I've done something similar. I have a task at the front of the DAG that
ensures the connection pool exists and creates the pool if it doesn't.
I've pasted my code below. This runs in a for loop that creates one DAG
per iteration each with its own pool. Then I pass the pool name into the
sensors.
Does this work for your use case?
--
redshift_pool = PythonOperator(
task_id='redshift_pool',
dag=dag,
python_callable=ensure_redshift_pool,
op_kwargs={
'name': workflow.pool,
'slots': REDSHIFT_POOL_SLOTS,
},
...
)
@provide_session
def ensure_redshift_pool(name, slots, session=None):
pool = Pool(pool=name, slots=slots)
pool_query = (
session.query(Pool)
.filter(Pool.pool == name)
)
pool_query_result = pool_query.one_or_none()
if not pool_query_result:
logger.info(f'redshift pool "{name}" does not exist - creating it')
session.add(pool)
session.commit()
logger.info(f'created redshift pool "{name}"')
else:
logger.info(f'redshift pool "{name}" already exists')
--
*Taylor Edmiston*
Blog <https://blog.tedmiston.com/> | LinkedIn
<https://www.linkedin.com/in/tedmiston/> | Stack Overflow
<https://stackoverflow.com/users/149428/taylor-edmiston> | Developer Story
<https://stackoverflow.com/story/taylor>
On Thu, Sep 20, 2018 at 10:08 AM David Szakallas <[email protected]>
wrote:
> Hi all,
>
> I have a DAG that creates a cluster, starts computation tasks, and after
> they completed, tears down the cluster.
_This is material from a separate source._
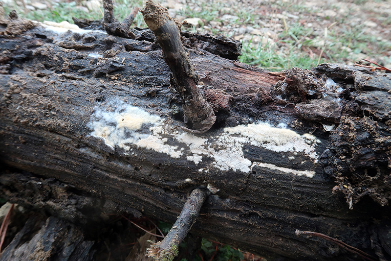 Localizado el pasado domingo sobre la superficie de un tronco de Pinus sylvestris en la parte que está en contacto con el suelo, aunque resulta común que aparezca sobre la madera, también parece ser que puede aparecer directamente sobre el suelo.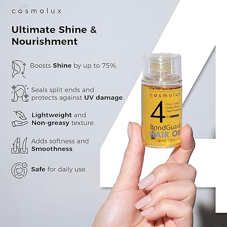 Thông tin sản phẩm Cosmolux BondGuard Bonding Oil, Heat Protectant & Repair Oil for Damaged, Color-Treated & Frizzy Hair, Adds Shine & Tames Frizz, Lightweight & Vegan - 1.7 fl oz (50 mL)

I want to limit concurrency for the
> computation tasks carried on this cluster to fixed number. So logically, I
> need a pool that is exclusive to the cluster created by a task. I don't
> want interference with other DAGs or different runs of the same DAG.
>
> I thought I could solve this problem by creating a pool dynamically from a
> task after the cluster is created and delete it once the computation tasks
> are finished. I thought I could template the pool parameter of the
> computation tasks to make them use this dynamically created cluster.
>
> However this way the computation tasks will never be triggered. So I think
> the pool parameter is saved in the task instance before being templated. I
> would like to hear your thoughts on how to achieve the desired behavior.
>
> Thanks,
>
> Dávid Szakállas
> Software Engineer | Whitepages Data Services
>
>
>
>
>